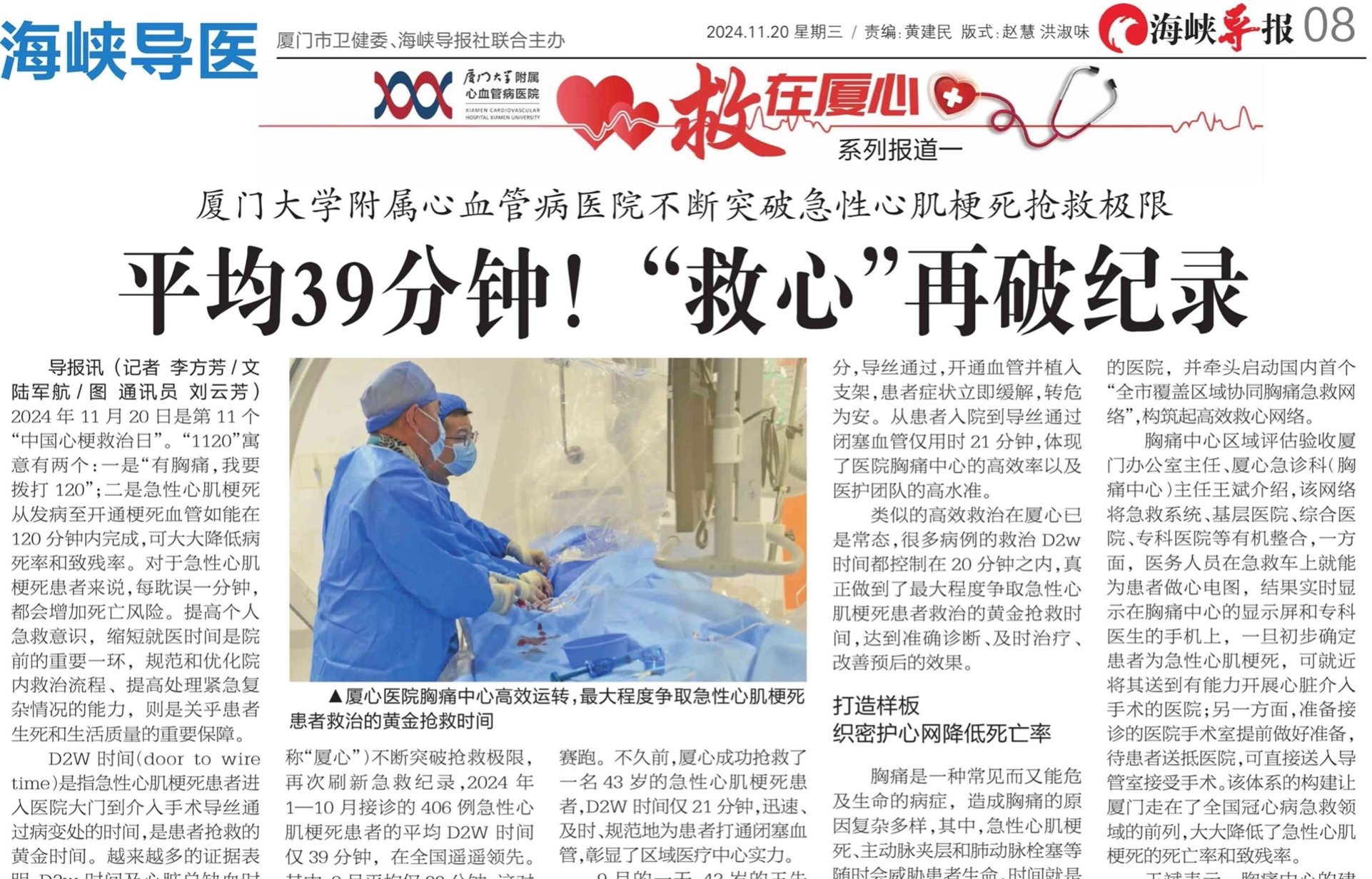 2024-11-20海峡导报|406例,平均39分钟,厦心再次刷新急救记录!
○ ○ ○
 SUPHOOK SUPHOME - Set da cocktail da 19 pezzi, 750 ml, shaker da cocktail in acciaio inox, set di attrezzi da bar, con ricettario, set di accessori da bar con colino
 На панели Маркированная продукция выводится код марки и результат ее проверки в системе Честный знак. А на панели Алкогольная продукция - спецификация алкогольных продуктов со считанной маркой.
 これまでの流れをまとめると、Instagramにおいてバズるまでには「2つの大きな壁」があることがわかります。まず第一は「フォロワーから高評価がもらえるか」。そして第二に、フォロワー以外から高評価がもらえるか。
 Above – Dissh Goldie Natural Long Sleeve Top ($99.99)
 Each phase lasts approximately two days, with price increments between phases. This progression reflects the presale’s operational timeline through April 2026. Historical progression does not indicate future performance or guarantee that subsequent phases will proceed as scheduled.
○ ○ ○
### PROBLEM TO WORK ON
Take the entries above and return only the lines from the one with "Above – Dissh" to the one with "Each phase lasts", both included, unchanged.

### WRITTEN RESPONSE
 Above – Dissh Goldie Natural Long Sleeve Top ($99.99)
 Each phase lasts approximately two days, with price increments between phases. This progression reflects the presale’s operational timeline through April 2026. Historical progression does not indicate future performance or guarantee that subsequent phases will proceed as scheduled.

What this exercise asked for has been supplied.